Peroxisome proliferator-activated receptor alpha (PPAR-α), also known as NR1C1 (nuclear receptor subfamily 1, group C, member 1), is a nuclear receptor protein functioning as a transcription factor that in humans is encoded by the PPARA gene. Together with peroxisome proliferator-activated receptor delta and peroxisome proliferator-activated receptor gamma, PPAR-alpha is part of the subfamily of peroxisome proliferator-activated receptors. It was the first member of the PPAR family to be cloned in 1990 by Stephen Green and has been identified as the nuclear receptor for a diverse class of rodent hepatocarcinogens that causes proliferation of peroxisomes.

Expression 
PPAR-α is primarily activated through ligand binding. Endogenous ligands include fatty acids such as arachidonic acid as well as other polyunsaturated fatty acids and various fatty acid-derived compounds such as certain members of the 15-hydroxyeicosatetraenoic acid family of arachidonic acid metabolites, e.g. 15(S)-HETE, 15(R)-HETE, and 15(S)-HpETE and 13-hydroxyoctadecadienoic acid, a linoleic acid metabolite. Synthetic ligands include the fibrate drugs, which are used to treat hyperlipidemia, and a diverse set of insecticides, herbicides, plasticizers, and organic solvents collectively referred to as peroxisome proliferators.

Function 

PPAR-α is a transcription factor regulated by free fatty acids, and is a major regulator of lipid metabolism in the liver. PPAR-alpha is activated under  conditions of energy deprivation and is necessary for the process of ketogenesis, a key adaptive response to prolonged fasting. Activation of PPAR-alpha promotes uptake, utilization, and catabolism of fatty acids by upregulation of genes involved in fatty acid transport, fatty acid binding and activation, and peroxisomal and mitochondrial fatty acid β-oxidation. Activation of fatty acid oxidation is facilitated by increased expression of CPR1 (which brings long-chain lipids into mitochondria) by PPAR-α. PPAR-α also inhibits glycolysis, while promoting liver gluconeogenesis and glycogen synthesis.

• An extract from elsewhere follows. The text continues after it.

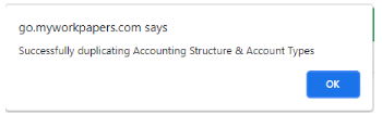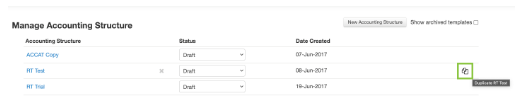 - Hover towards the right of the accounting structure you want to duplicate until you see the highlighted icon below. Select the icon and a message will display that the Accounting Structure has successfully duplicated;

In macrophages, PPAR-α inhibits the uptake of glycated low-density lipoprotein (LDL cholesterol), inhibits foam cell (atherosclerosis) formation, and inhibits pro-inflammatory cytokines.

Tissue distribution 

Expression of PPAR-α is highest in tissues that oxidize fatty acids at a rapid rate. In rodents, highest mRNA expression levels of PPAR-alpha are found in liver and brown adipose tissue, followed by heart and kidney. Lower PPAR-alpha expression levels are found in small and large intestine, skeletal muscle and adrenal gland. Human PPAR-alpha seems to be expressed more equally among various tissues, with high expression in liver, intestine, heart, and kidney.

Knockout studies 

Studies using mice lacking functional PPAR-alpha indicate that PPAR-α is essential for induction of peroxisome proliferation by a diverse set of synthetic compounds referred to as peroxisome proliferators. Mice lacking PPAR-alpha also have an impaired response to fasting, characterized by major metabolic perturbations including low plasma levels of ketone bodies, hypoglycemia, and fatty liver.

Pharmacology 

PPAR-α is the pharmaceutical target of fibrates, a class of drugs used in the treatment of dyslipidemia. Fibrates effectively lower serum triglycerides and raises serum HDL-cholesterol levels. Although clinical benefits of fibrate treatment have been observed, the overall results are mixed and have led to reservations about the broad application of fibrates for the treatment of coronary heart disease, in contrast to statins. PPAR-α, agonists may carry therapeutic value for the treatment of non-alcoholic fatty liver disease.  PPAR-alpha may also be a site of action of certain anticonvulsants.

An endogenous compound, 7(S)-Hydroxydocosahexaenoic Acid (7(S)-HDHA/), which is a Docosanoid derivative of the omega-3 fatty acid DHA was isolated as an endogenous high affinity ligand for PPAR-alpha in the rat and mouse brain. The 7(S) enantiomer bound with micromolar affity to PPAR alpha with 10 fold higher affinity compared to the (R) enantiomer and could trigger dendritic activation.
Previous evidence for the compound's function was speculative based on the structure and study of the chemical synthesis.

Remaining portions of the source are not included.